§ **PROBLEM DESCRIPTION**
Pictures in the records below must be left out. Return exactly the lines from the line with "今年はやまア、鱈酒盗をはじめ 5種 のお料理を追加しました。" to the line with "Cartellone con frecce", both included.

§ **DATASET CONTENT**

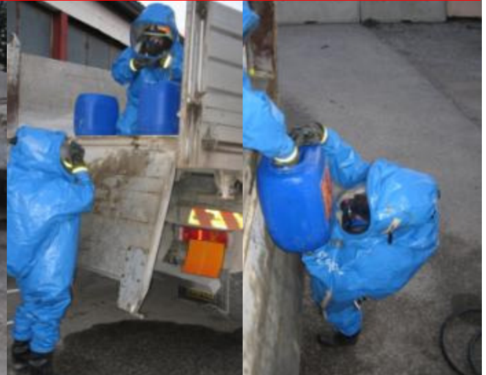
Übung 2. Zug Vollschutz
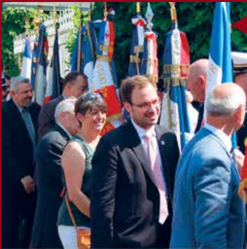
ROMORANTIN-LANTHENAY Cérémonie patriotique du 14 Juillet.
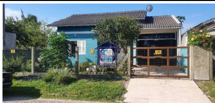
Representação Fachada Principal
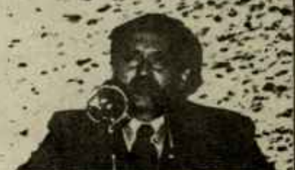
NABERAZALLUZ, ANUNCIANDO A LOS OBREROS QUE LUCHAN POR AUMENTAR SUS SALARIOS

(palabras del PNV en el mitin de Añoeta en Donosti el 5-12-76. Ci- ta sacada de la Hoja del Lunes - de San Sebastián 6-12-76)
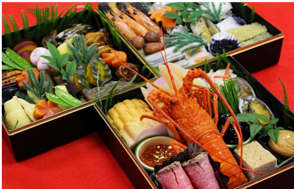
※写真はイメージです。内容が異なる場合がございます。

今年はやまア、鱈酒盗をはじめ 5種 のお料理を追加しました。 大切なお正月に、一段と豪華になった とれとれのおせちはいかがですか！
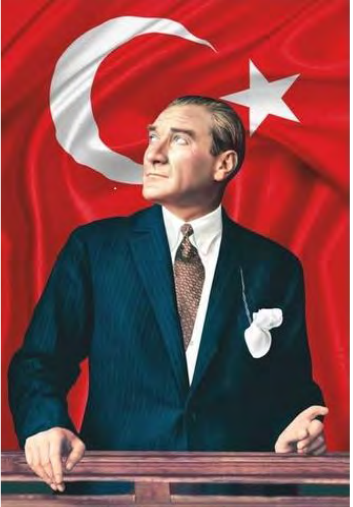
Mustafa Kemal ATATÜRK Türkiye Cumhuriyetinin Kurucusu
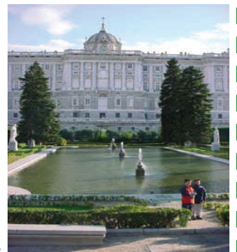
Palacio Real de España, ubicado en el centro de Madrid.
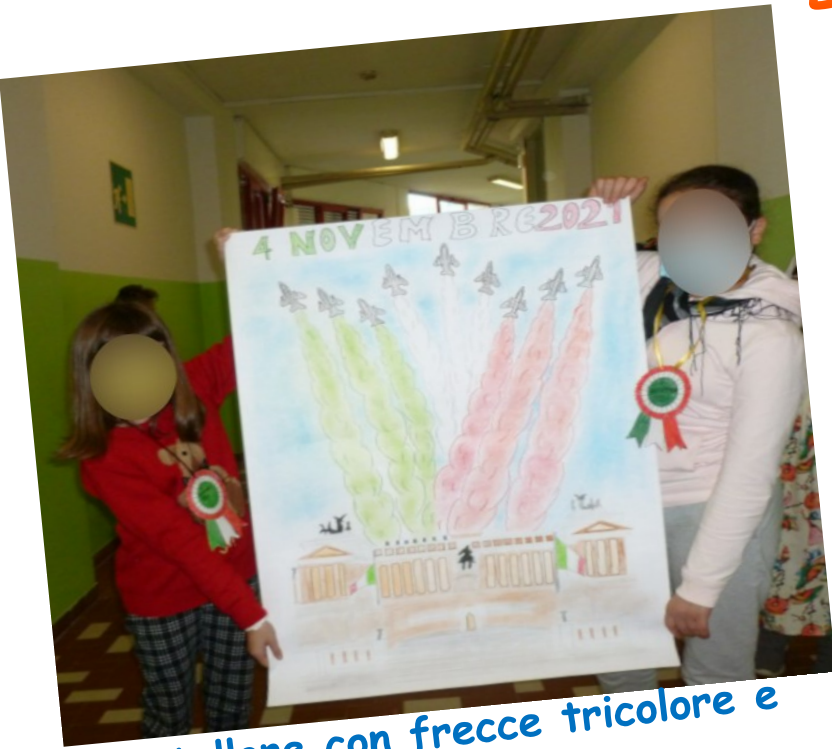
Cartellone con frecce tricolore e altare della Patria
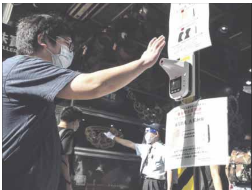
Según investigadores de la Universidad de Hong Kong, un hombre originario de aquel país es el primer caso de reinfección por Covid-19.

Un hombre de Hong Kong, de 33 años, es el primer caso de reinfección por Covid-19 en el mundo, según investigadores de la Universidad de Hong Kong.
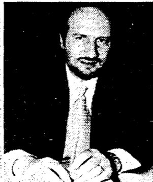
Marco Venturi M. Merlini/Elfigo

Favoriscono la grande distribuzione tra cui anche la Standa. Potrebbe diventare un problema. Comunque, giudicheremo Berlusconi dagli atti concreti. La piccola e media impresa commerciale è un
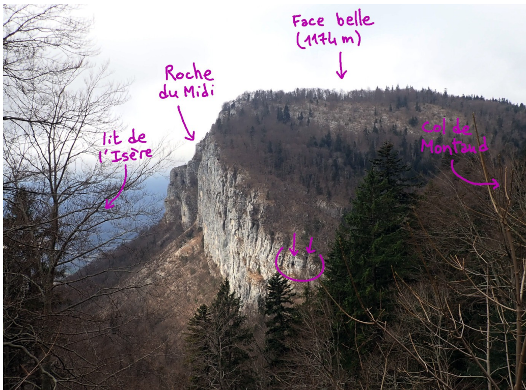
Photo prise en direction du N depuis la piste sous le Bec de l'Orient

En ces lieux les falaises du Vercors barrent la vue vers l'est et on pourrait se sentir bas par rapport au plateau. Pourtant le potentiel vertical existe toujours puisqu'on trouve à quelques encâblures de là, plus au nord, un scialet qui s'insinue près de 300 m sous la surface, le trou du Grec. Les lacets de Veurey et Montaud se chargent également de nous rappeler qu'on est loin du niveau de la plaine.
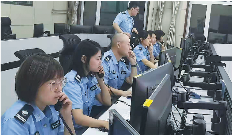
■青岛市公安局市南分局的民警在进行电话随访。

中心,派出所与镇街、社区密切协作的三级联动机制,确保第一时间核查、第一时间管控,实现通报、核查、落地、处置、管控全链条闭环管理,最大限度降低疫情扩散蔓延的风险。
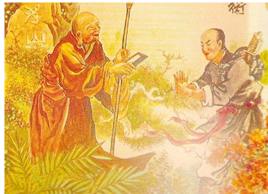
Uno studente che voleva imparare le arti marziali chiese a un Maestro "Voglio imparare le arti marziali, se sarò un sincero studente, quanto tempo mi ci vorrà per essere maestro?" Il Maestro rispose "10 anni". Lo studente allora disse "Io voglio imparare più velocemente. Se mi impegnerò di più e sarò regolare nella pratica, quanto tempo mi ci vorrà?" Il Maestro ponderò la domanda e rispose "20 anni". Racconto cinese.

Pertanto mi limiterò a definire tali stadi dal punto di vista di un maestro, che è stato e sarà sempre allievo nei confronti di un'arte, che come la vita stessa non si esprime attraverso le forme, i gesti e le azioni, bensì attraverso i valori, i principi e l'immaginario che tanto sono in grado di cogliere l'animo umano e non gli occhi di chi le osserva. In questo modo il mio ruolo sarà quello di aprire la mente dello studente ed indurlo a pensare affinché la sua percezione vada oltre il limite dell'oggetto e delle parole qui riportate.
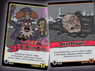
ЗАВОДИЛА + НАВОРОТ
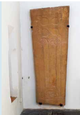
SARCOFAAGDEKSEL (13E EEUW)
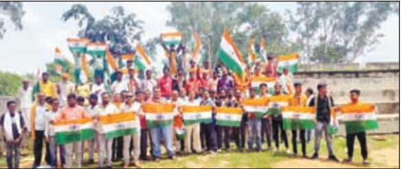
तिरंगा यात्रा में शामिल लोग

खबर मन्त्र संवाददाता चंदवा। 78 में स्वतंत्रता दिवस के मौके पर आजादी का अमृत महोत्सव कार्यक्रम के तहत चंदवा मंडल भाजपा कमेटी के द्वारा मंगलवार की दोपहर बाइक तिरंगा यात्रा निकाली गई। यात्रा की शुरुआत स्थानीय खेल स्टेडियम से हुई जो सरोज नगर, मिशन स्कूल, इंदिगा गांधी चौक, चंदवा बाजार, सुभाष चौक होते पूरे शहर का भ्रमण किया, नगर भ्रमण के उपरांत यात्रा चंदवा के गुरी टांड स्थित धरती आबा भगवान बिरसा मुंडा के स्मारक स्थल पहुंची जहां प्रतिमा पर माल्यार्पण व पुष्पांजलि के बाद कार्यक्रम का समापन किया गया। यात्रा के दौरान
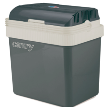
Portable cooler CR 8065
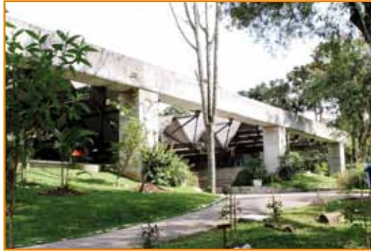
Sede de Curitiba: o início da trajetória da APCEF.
--
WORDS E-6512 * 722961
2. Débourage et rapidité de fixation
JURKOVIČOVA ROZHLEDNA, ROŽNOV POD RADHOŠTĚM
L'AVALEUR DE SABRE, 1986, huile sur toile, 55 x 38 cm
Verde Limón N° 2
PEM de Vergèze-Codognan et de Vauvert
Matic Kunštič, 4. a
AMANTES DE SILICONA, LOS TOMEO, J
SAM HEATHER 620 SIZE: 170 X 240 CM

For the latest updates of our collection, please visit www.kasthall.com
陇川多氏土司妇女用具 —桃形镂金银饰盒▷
--
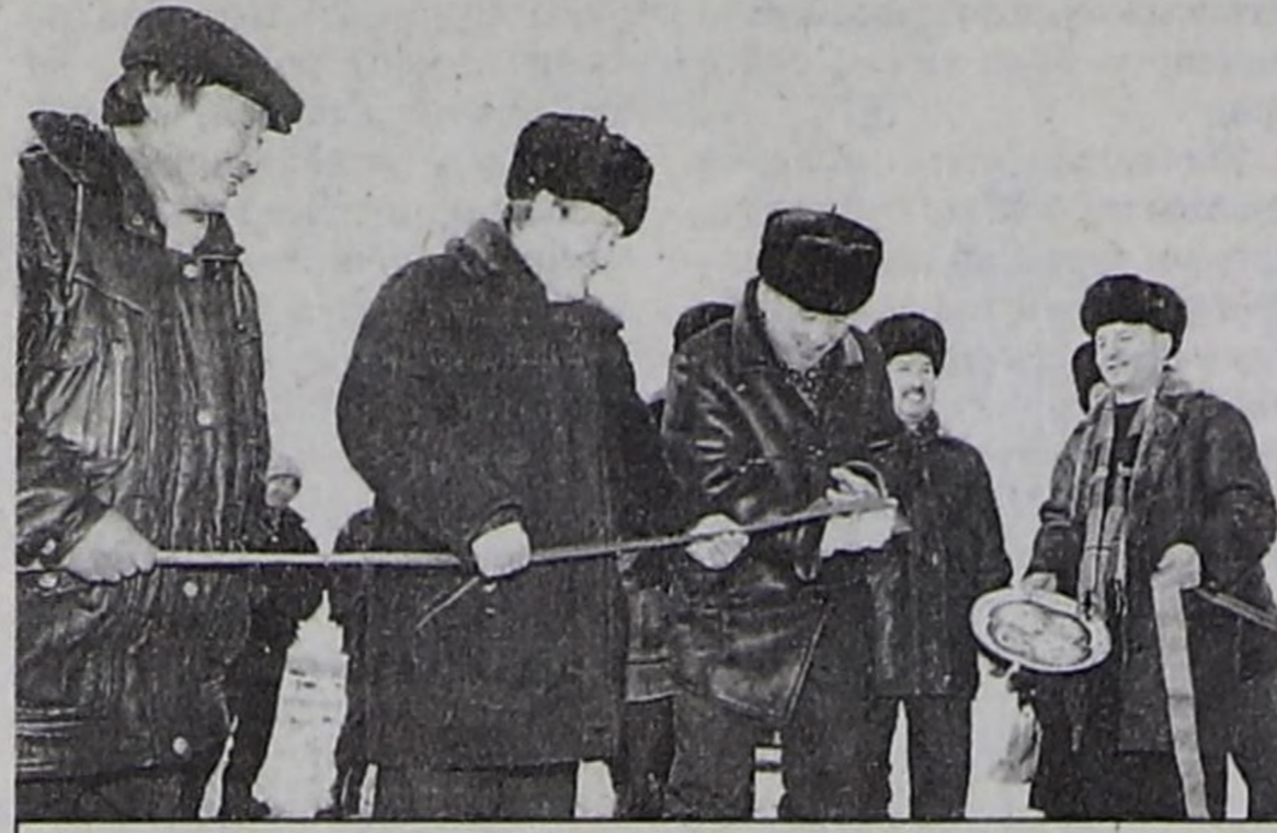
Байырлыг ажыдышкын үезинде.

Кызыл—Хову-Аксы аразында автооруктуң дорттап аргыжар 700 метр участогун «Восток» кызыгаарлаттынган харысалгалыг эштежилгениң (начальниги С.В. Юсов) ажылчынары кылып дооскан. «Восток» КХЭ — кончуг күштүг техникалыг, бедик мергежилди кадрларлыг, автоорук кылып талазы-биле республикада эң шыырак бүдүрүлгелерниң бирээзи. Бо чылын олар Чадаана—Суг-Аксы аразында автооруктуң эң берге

§ **RESPONSE BOX**
今年はやまア、鱈酒盗をはじめ 5種 のお料理を追加しました。 大切なお正月に、一段と豪華になった とれとれのおせちはいかがですか！
Mustafa Kemal ATATÜRK Türkiye Cumhuriyetinin Kurucusu
Palacio Real de España, ubicado en el centro de Madrid.
Cartellone con frecce tricolore e altare della Patria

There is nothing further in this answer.